Interesting Facts About Icelandic Swimming Pools

By Editor | Body and Soul

Jul 29

Every country has its own culture and features that uniquely belong to them. For some countries, they boast on their food, others on their festivals. But in Iceland, among the things that make it unique from other countries are its swimming pools.

 Typically, you perceive a swimming pool as a circular or rectangular hole in the ground, filled with chlorinated water. To add some thrill and more fun, other pool and summer house owners have added facilities like giant slides and artificial waves. In Iceland, it’s different.

In the country, a swimming pool is not the usual hole in the ground. It’s mostly rectangular in shape and filled with warm chlorinated water, with temperature that ranges from 25-28 degrees Centigrade. These swimming pools are usually accompanied with hot tubs, around 1-5 of them, with water temperature from 38 to 45 degrees Centigrade. Interesting, right?

Check out these other things that you need to know about Icelandic swimming pools:

 Presence of Hot Tubs

In Iceland, you rarely could find a summer house with a swimming pool but not without a hot tub or hot tubs. At present, Iceland has over 10,000 summer houses and 90% of them have hot tubs. In fact, you can find hot tubs almost everywhere in Iceland – from your neighbors’ houses to Reykjavik’s hotels.

Hot tubs are part of the Icelandic culture. They have been around since the settlement. One of the most known can be found in Snorralaug, which is located in Reykholt. It has been in Iceland since 1178 or 1241. It is one of the four ancient pools that are still being used today.
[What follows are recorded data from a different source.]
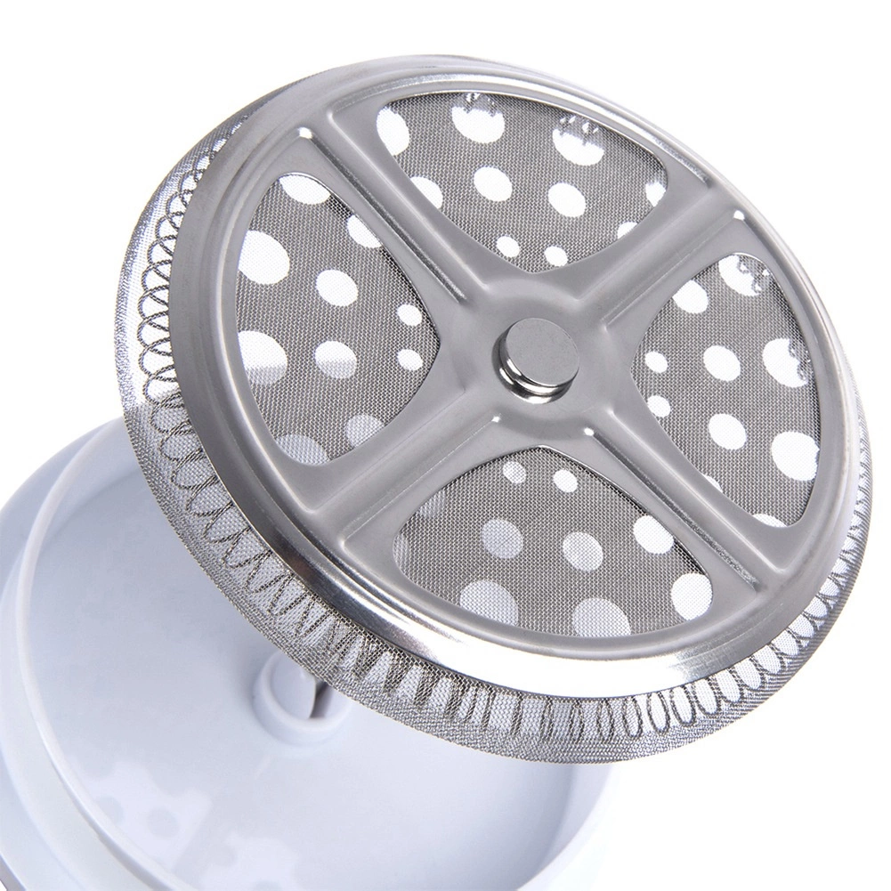 Lo stantuffo in acciaio inox con maglia fine separa efficacemente i fondi di caffè e le foglie di tè, così da servire una bevanda perfettamente limpida e piena.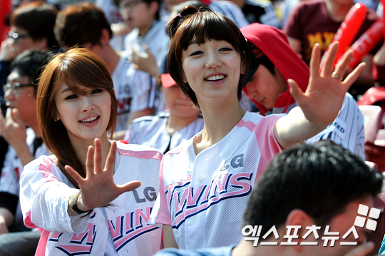 [엑스포츠뉴스=잠실, 권혁재 기자] 15일 오후 잠실야구장에서 열린 '2012 팔도 프로야구' LG 트윈스와 KIA 타이거즈의 경기에서 모델돌 나이뮤지스 멤버 현아와 은지가 관중석에서 경기를 관람하고 있다.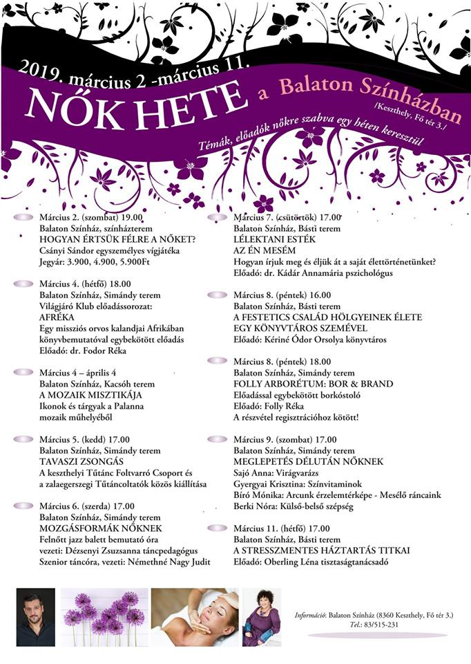 A keszthelyi Balaton Színház és Kongresszusi Központ meghívott a Nők hete rendezvénysorozat kiállítói közé, természetesen örömmel vállaltam, 2018.03.03-án. Az ezzel kapcsolatos cikket, videóval együtt ITT olvashatjátok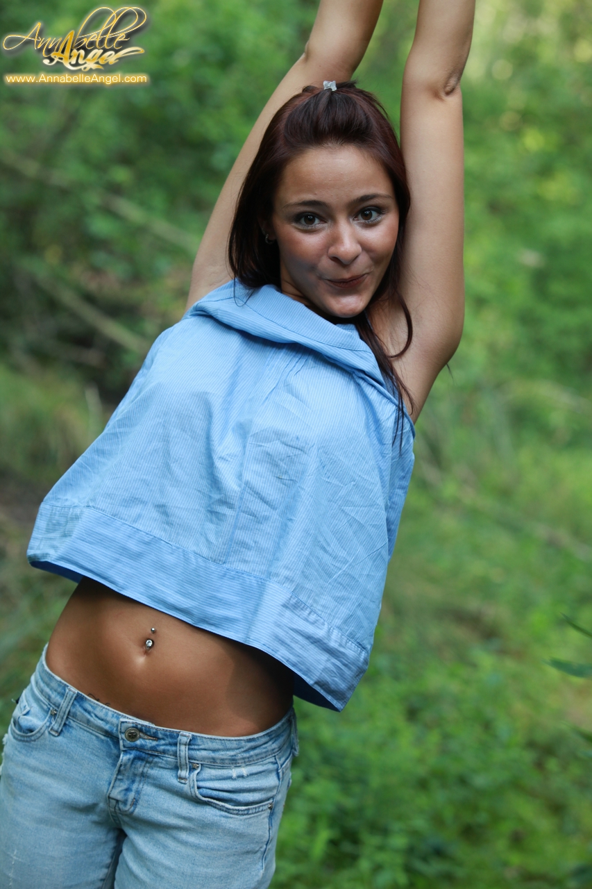 Annabelle Angel strips her clothes outdoors and teases us with her hot tight ass.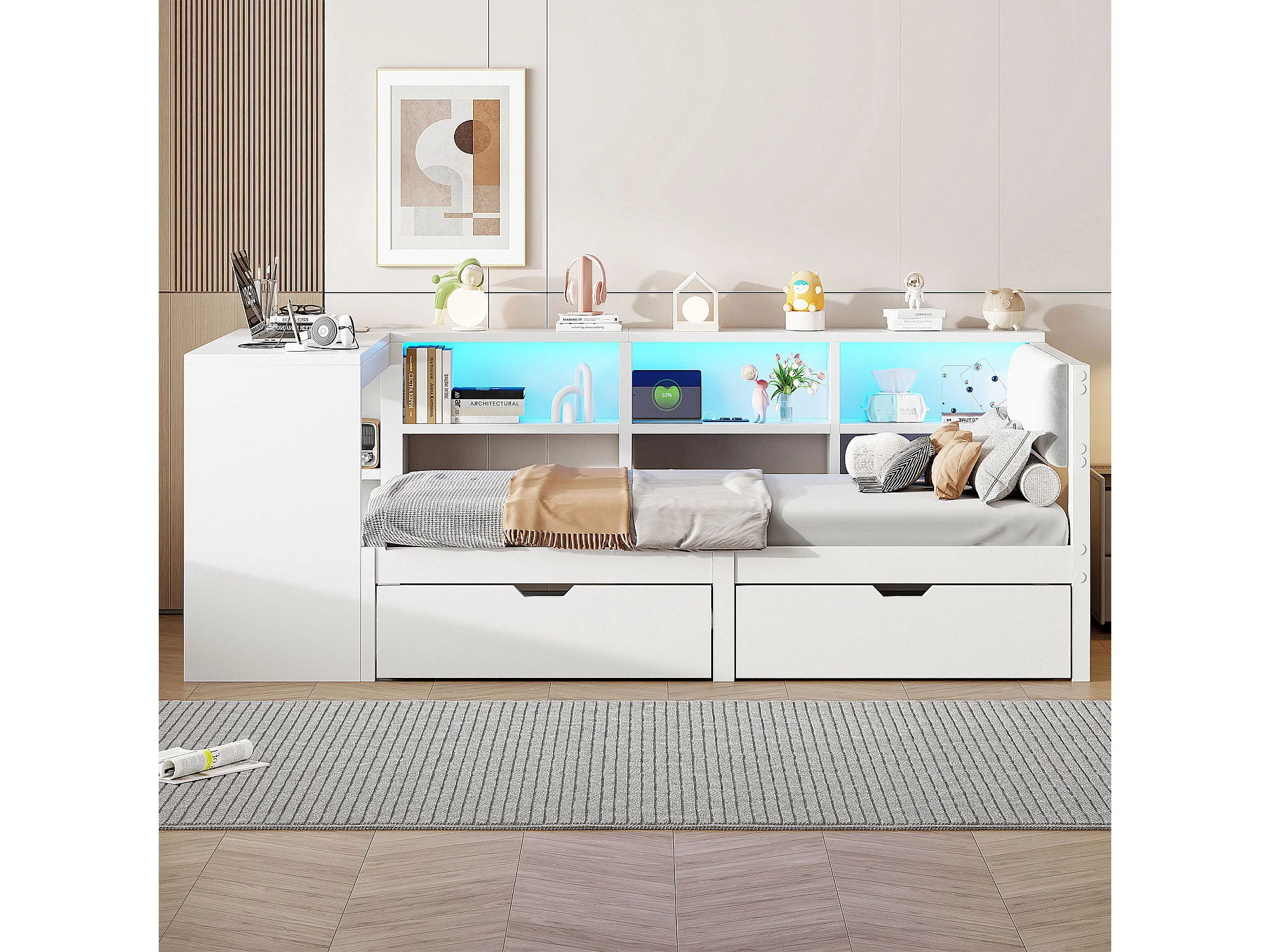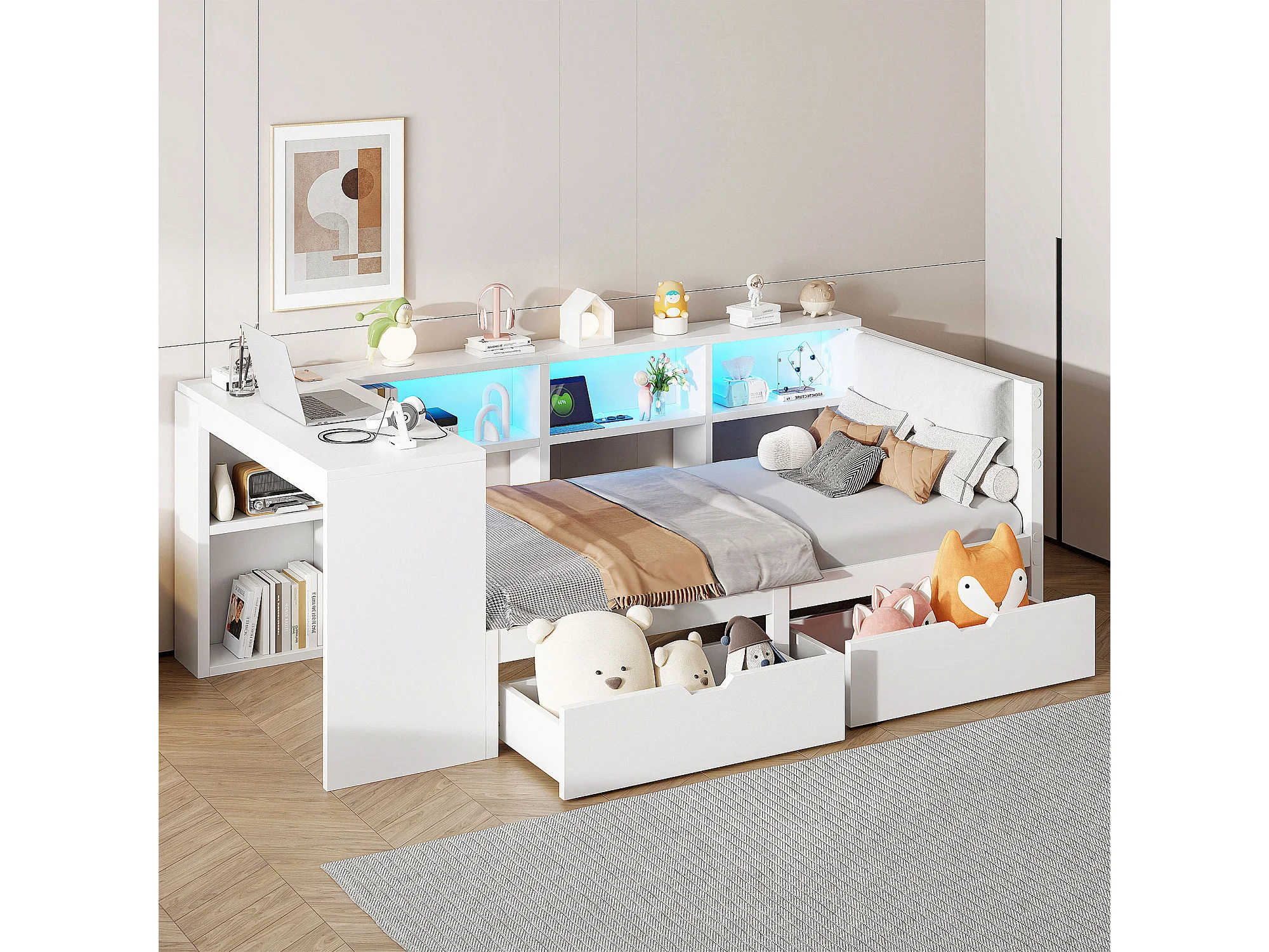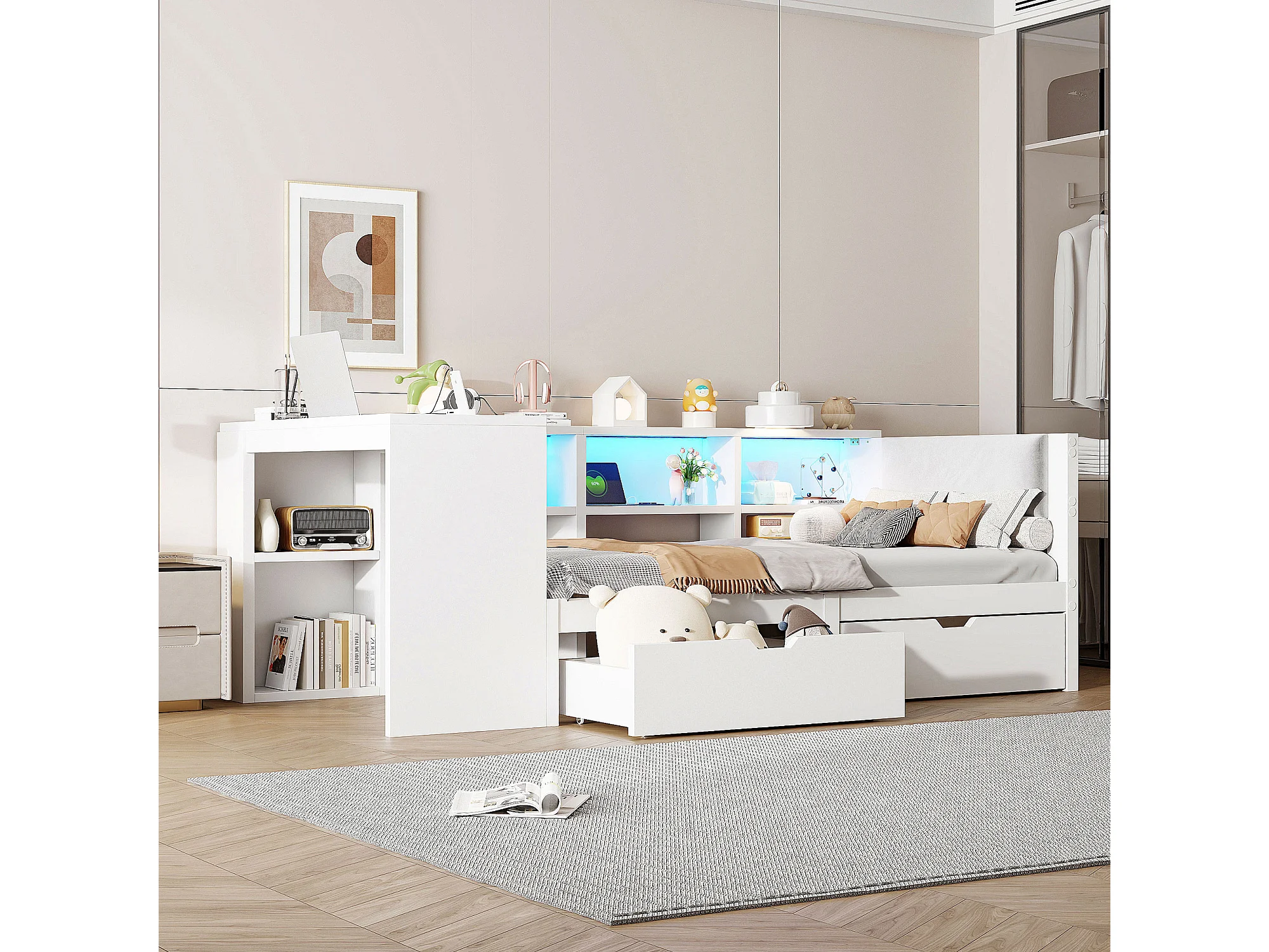 Kinder-Kombibett - 90 x 200 - mit Stauraumregalen + 2 Schubladen + LEDs + Tisch - MDF - weiß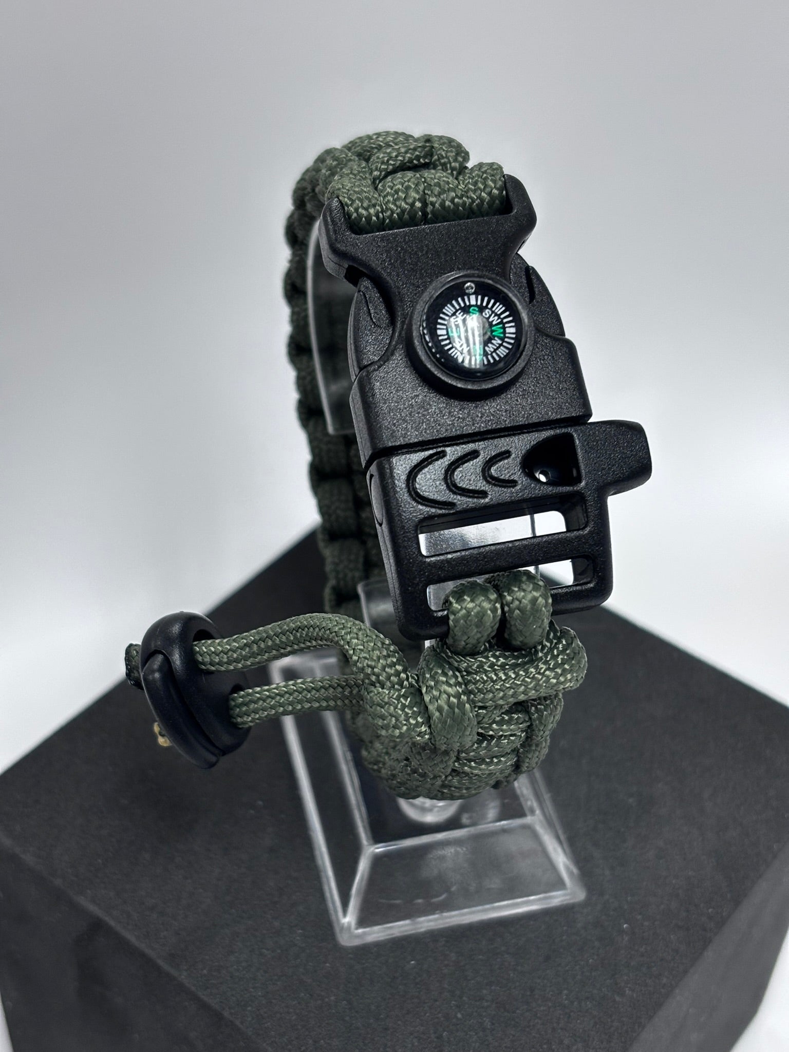 Bracelet de survie 3 en 1 en paracorde (vert armée)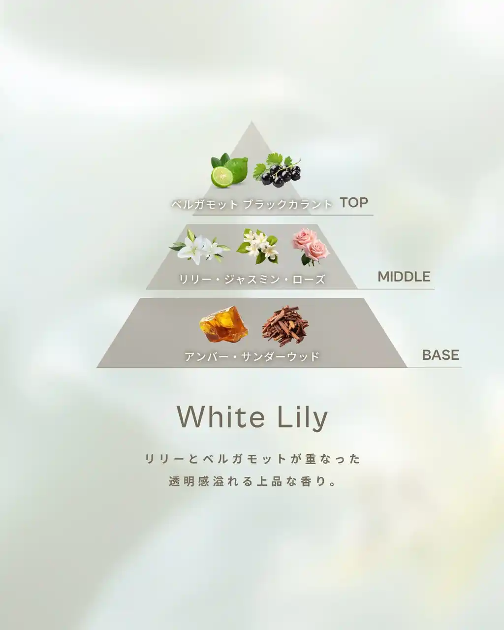 | 新たに登場する「ホワイトリリー」は、華やかさの中に清らかさを感じるフローラルブーケの香りです。 | |||||||||||

The combination of hot tubs and swimming pools in summer houses benefit clients in two ways: de-stressing and health purposes. Geothermal water have several health benefits, not to mention calming effect on the body.

Central Role in Socialization

When you’re in the country, it’s typical to see people coming in for a swim as early as 7 am. There are even those who come in before the staff arrives. It is because swimming or dipping in these swimming pools play a central role in socialization among Icelanders.

 People go for a swim not just to relax but as well to talk with other swimmers. There are different crowds that you can find in various swimming pools in Iceland. There are parents with kids, groups of friends, and even couples who use these facilities as their venue for a date. In Iceland, dating in these swimming pools is the second most popular activity among couples.

Outdoor Facilities

Most of the swimming pools in Iceland are located outdoors because they’re more inexpensive to maintain than indoor pools. Dressing rooms are also found outdoors. If you’re worried about getting cold from having a swim, then you don’t have to worry as these dressing rooms are equipped with thermal lamps. Most of the times, they do the trick of keeping you warm.

The Norm

Don’t be shocked to see people of the same gender naked in these swimming pools as it’s a normal occurrence in Icelandic swimming pools. There are barely enough undressing cubicles on these summer houses so people tend to strip down right there and then. But even if you are in your swimming costume, other people will still see you naked as you need to take them off when you shower. This is because Icelanders want their swimming pools including hot tubs clean and smudge-free.

 If you’re planning to take a dip, make sure to be there between 7 am and just before dinner. Most of the swimming pools in Iceland open at around 7 am and closes right after dinner. But of course, there are certain exceptions.

So, what are you waiting now?

Take a swim and enjoy the unique Icelandic culture.